Examples of technology related to PEM and other related types of fuel cell systems can be found with reference to commonly-assigned U.S. Pat. No. 3,985,578 to Witherspoon et al.; U.S. Pat. No. 5,272,017 to Swathirajan et al.; U.S. Pat. No. 5,624,769 to Li et al.; U.S. Pat. No. 5,776,624 to Neutzler; U.S. Pat. No. 6,103,409 to DiPierno Bosco et al.; U.S. Pat. No. 6,277,513 to Swathirajan et al.; U.S. Pat. No. 6,350,539 to Woods, III et al.; U.S. Pat. No. 6,372,376 to Fronk et al.; U.S. Pat. No. 6,376,111 to Mathias et al.; U.S. Pat. No. 6,521,381 to Vyas et al.; U.S. Pat No. 6,524,736 to Sompalli et al.; U.S. Pat. No. 6,528,191 to Senner; U.S. Pat. No. 6,566,004 to Fly et al.; U.S. Pat. No. 6,630,260 to Forte et al.; U.S. Pat. No. 6,663,994 to Fly et al.; U.S. Pat. No. 6,740,433 to Senner; U.S. Pat. No. 6,777,120 to Nelson et al.; U.S. Pat. No. 6,793,544 to Brady et al.; U.S. Pat. No. 6,794,068 to Rapaport et al.; U.S. Pat. No. 6,811,918 to Blunk et al.; U.S. Pat. No. 6,824,909 to Mathias et al.; U.S. Patent Application Publication Nos. 2004/0229087 to Senner et al.; 2005/0026012 to O'Hara; 2005/0026018 to O'Hara et al.; and 2005/0026523 to O'Hara et al., the entire specifications of all of which are expressly incorporated herein by reference.

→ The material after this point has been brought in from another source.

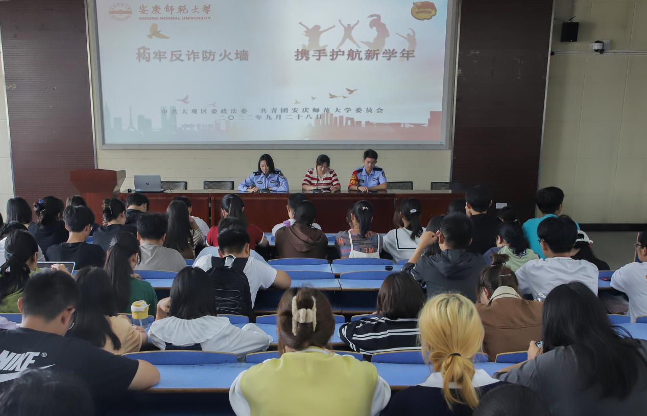 9月28日,校团委联合大观区委政法委举办“构筑反诈防火墙,携手护航新学年”反诈宣传讲座,为广大师生普及反诈知识。各学院100余名学生代表参加讲座。

In a conventional PEM fuel cell stack, water is produced in the cell reaction. This water must be removed from the stack, along with the spent reactant gas, and typically flows through the same reactant flow channels and manifolds. As the water collects in liquid form in droplets, slugs, and films toward the exit of the stack, it tends to hinder the flow of the reactant gases, thus resulting in instability in stack operation and performance degradation. One proposed method for overcoming the accumulation of water in flow field channels is hydrophilic coating of the bipolar plates. With use of such a highly wettable material, including silicon oxide, titanium oxide, or other similar metal oxides, water passing from the gas diffusion medium into the flow field will favor formation of thin liquid films that do not significantly impede reactant gas flow. This approach has been shown to significantly improve operational stability of the fuel cell stack, especially under low power conditions where uniform distribution of the reactants among individual cells is otherwise difficult to achieve.
Even with the improvement in water and gas transport within the flow field channels provided by hydrophilic coating, water management issues become a concern near the ends of the channels, where the various phases must transition into a region where the flow velocities and forces acting on the flow are quite different. More specifically, a water film tends to form on the face of the outlet manifold wall which tends to cover over the end openings of the reactant channels, thus obstructing the gas flow. This film is acted upon by the force of the moving gas streams, capillary forces, and gravity. However, under some low power operating conditions, the force of the moving gas stream may be insufficient to overcome the liquid film and that gas passage will be blocked.
Accordingly, there exists a need for new and improved fuel cell systems, especially those that include systems for managing water removal therefrom, especially in the vicinity of the reactant channel outlet ends.